Can we be sure? No. Al Qaeda has used charities as fronts, and thrives on the murkiness of its membership. There are now 564 prisoners of 39 nationalities at Guantanamo, and some are wanted for crimes, political and otherwise, in their homelands. Of 12 Kuwaitis held, four are suspected by their own government of extremist connections, and at least one of those four was part of an infamous gang of religious zealots who did jail time in Ku-wait. But none of the five who crossed White Mountain is on Kuwait's suspect list. They left their country legally, saying they wanted to help Afghans suffering from drought and famine--and then from the war. They stayed in touch with their families as best they could. They planned to return within weeks but discovered, once the conflict began, that they could not get out. And as the war turned against the Taliban, the Afghan people turned against the Arabs, no matter what had brought them to the country. When the five Kuwaitis made their escape, they took some of the same trails as Al Qaeda, but they traveled as a separate group.
So, are they guilty or innocent? And of what? The Defense Department says answering such questions is not what Guantanamo is about. Set up as a curiously high-profile interrogation center in January this year, it has since become a kind of warehouse for alleged "enemy combatants" whose information about Al Qaeda, in the best of cases, is now out of date.

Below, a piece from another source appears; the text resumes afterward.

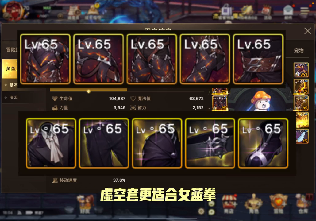 总体来看,虚空套更适合女蓝拳,而且加成比较平衡,收益更高。附魔需要注意附魔,武器收益最大化肯定是得打宝珠,如果没有可以先用30物攻过渡,千万不要买属性卡,其他正常附魔即可。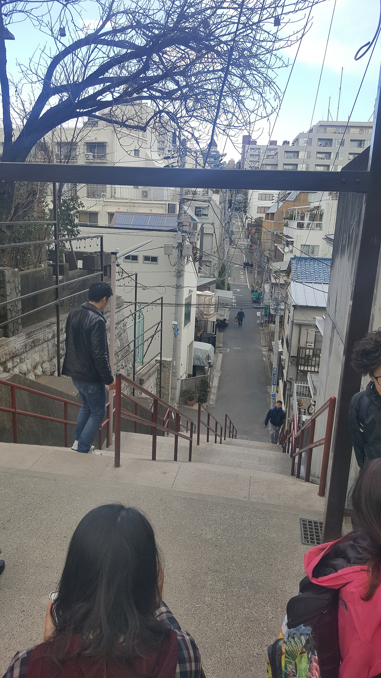 요츠야에 다녀왔다고 하면 친구들은 "거기는 왜?" 라거나, "전철 타면서 지나가 본 적 밖에 없어." 하는 반응이 대부분이었다. 요츠야에 간 이유는 "너의 이름은."의 엔딩 씬에 나오는 그 유명한 계단을 보기 위해서였다. 마침 아사쿠사를 가는 길목에 있고 시간 여유도 있었기 때문에 가볍게 들러 보기로 했다. 요츠야 산초메 역에서 "너의 이름은" 성지가 있는 스가 신사에 도착하는 데는 10분 정도 걸렸다. 신사 정문에 도착한 후 영화의 성지인 그 계단이 어디에 있나 찾으려고 10초 정도 두리번거렸는데, 이윽고 찾으려 애쓸 필요가 없다는 사실을 깨달았다. 신사 한편에서 20명 정도 되는 인파를 발견했기 때문이다. 영화가 나온 지 한참 되었음에도 성지순례를 온 관광객이 많았다. 세 명 중 두 명은 중국인, 한 명은 한국인인 것 같았다. 사진을 찍으려고 선 줄이 너무 길어서 지나치듯 사진을 몇 장 찍고 아사쿠사로 가기 위해 요츠야 역을 향해 갔다.

But outsiders' efforts to clarify the status of any detainee--simply to find out what crime he is supposed to have committed--run up against a wall of baffling legalisms. The military's normal penchant for Catch-22s is taken to an extreme that borders on the Kafkaesque: the prisoners are not charged because they're being "interrogated," not "investigated." The Geneva Conventions do not apply because, by presidential decree, these men are not "prisoners of war." But the U.S. Constitution does not protect them because the Pentagon shipped them to "foreign soil," even if it is a U.S. naval base.
The Kuwaiti prisoners are a sampling of what one veteran U.S. intelligence officer calls the "flotsam and jetsam" of the war in Afghanistan. He suggests they're lucky to be where they are: "Would you rather be in Club Med [Guantanamo] or in a mud hut in Mazar-e Sharif?" And some of the Kuwaitis, in rare letters home, would seem to agree. "They treat us well, better than any treatment of any government all over the world," wrote the one who had previously been jailed in Kuwait. But for the families of the five, that's little consolation. One of the detainees was a government auditor and father of five; another worked for the Kuwaiti Ministry of the Interior; a third is a young teacher of the Qur'an who, his family says, has spent his summers since 1996 doing charity work in Africa or Pakistan.